Listed entries:
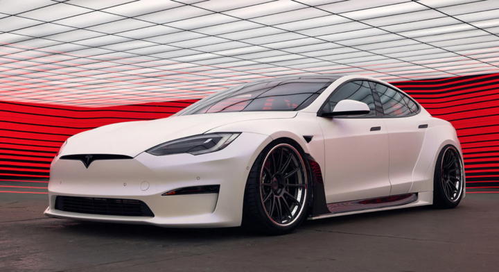 新款 Model S 的侧面和尾部造型并没有发生明显的变化,但是另一组谍照显示 Plaid 版本会使用新的进气口和前唇造型以及后包围。
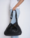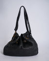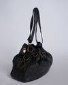 Dior Black Cannage Leather Drawstring Bag is a stylish and soft luxury piece. The bag is crafted from supple black leather and features the brand's iconic Cannage quilting across the body, giving it a timeless, recognizable texture. The silhouette is a relaxed, drawstring bucket style. The design is accented with striking antique gold-toned hardware, including large grommets at the opening, a bold hook detail, and the signature dangling D.I.O.R. charms.
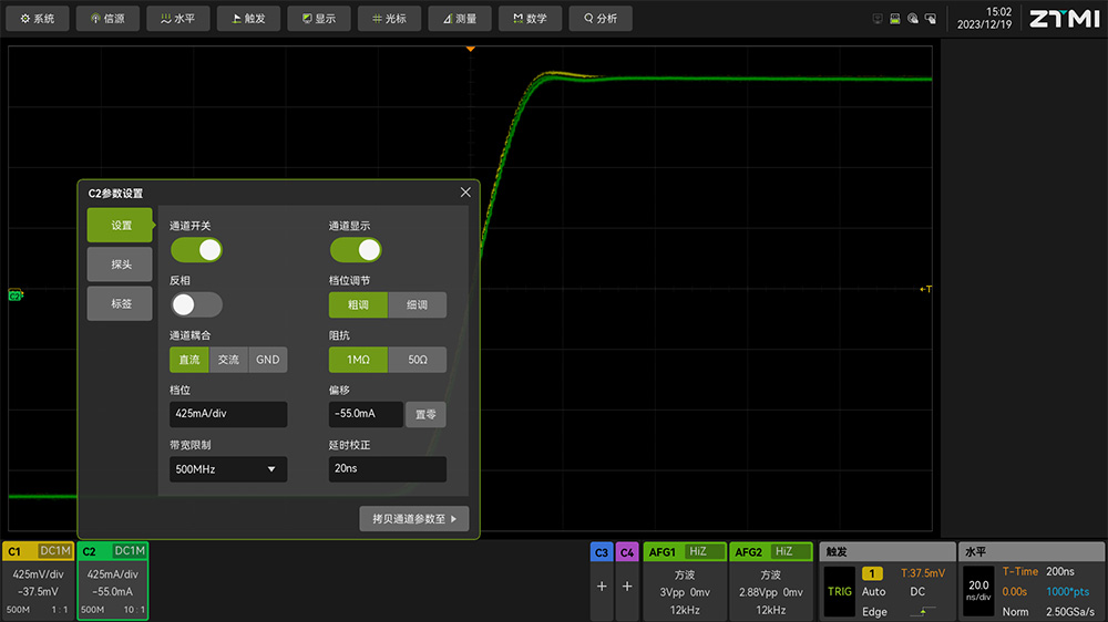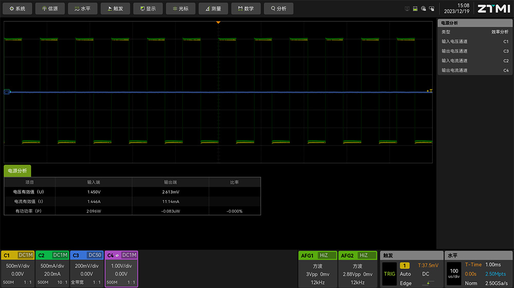 1、 根據(jù)實(shí)際的電壓探頭和電流探頭的連接情況,打開相應(yīng)通道并設(shè)置探頭類型和探頭比率。
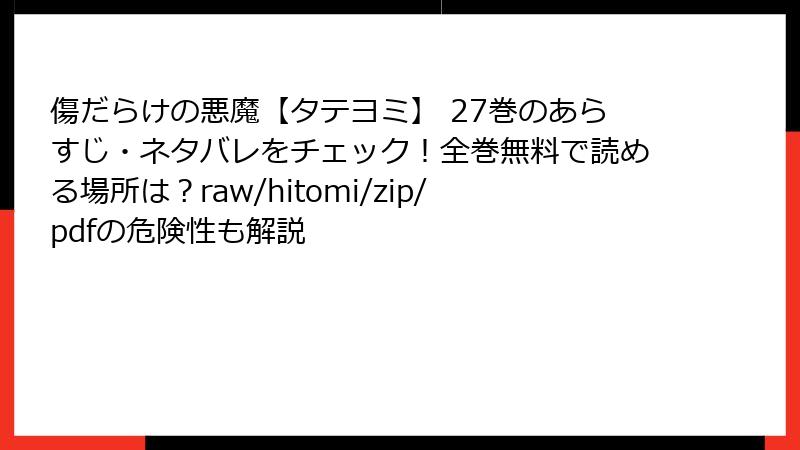 こんにちは、漫画の著作権問題に詳しいブロガーです。今回は、人気のタテヨミ漫画「傷だらけの悪魔【タテヨミ】」を、raw/hitomi/zip/pdf/漫画バンクなどの海賊版サイトで読むことのリスクについて、詳しく解説します。この作品は心理サスペンスの名作ですが、海賊版を利用するのはおすすめできません。法的・セキュリティ面を中心に、複数の観点から深掘りします。海賊版は一見便利ですが、隠れた危険がたくさんあります。未然に防ぐための知識としてお読みください。
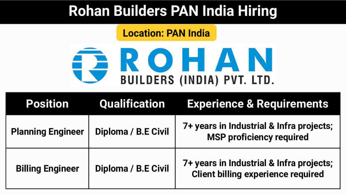 Rohan Builders PAN India Hiring | Planning Engineer & Billing Engineer Roles | Civil Engineering Jobs
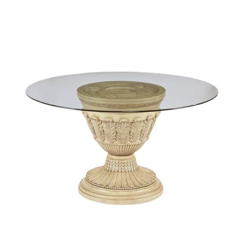 The Glass Top Foyer Accent Table is a classically styled centerpiece that brings refined elegance to entryways and transitional spaces. Its round glass tabletop offers a clear, open surface while allowing full visibility of the sculptural pedestal base below. The base is shaped like a decorative urn, meticulously carved with ornate detailing and finished in a light, subtly antiqued tone that evokes timeless character.
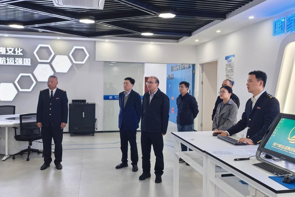 张立军副厅长参观了我校航海操纵模拟器、国家级现代航运虚拟仿真实训中心、数字孪生(PLC)实训室和航海艇筏训练基地等,对我校在改善提升学生实训条件上的努力表示认可。

Work task: Please return the material above only from the line that holds "1、 根據(jù)實(shí" through the line that holds "Rohan Builders PAN", exactly as it stands, ends included and pictures omitted.

Result of the task:
 1、 根據(jù)實(shí)際的電壓探頭和電流探頭的連接情況,打開相應(yīng)通道并設(shè)置探頭類型和探頭比率。
 こんにちは、漫画の著作権問題に詳しいブロガーです。今回は、人気のタテヨミ漫画「傷だらけの悪魔【タテヨミ】」を、raw/hitomi/zip/pdf/漫画バンクなどの海賊版サイトで読むことのリスクについて、詳しく解説します。この作品は心理サスペンスの名作ですが、海賊版を利用するのはおすすめできません。法的・セキュリティ面を中心に、複数の観点から深掘りします。海賊版は一見便利ですが、隠れた危険がたくさんあります。未然に防ぐための知識としてお読みください。
 Rohan Builders PAN India Hiring | Planning Engineer & Billing Engineer Roles | Civil Engineering Jobs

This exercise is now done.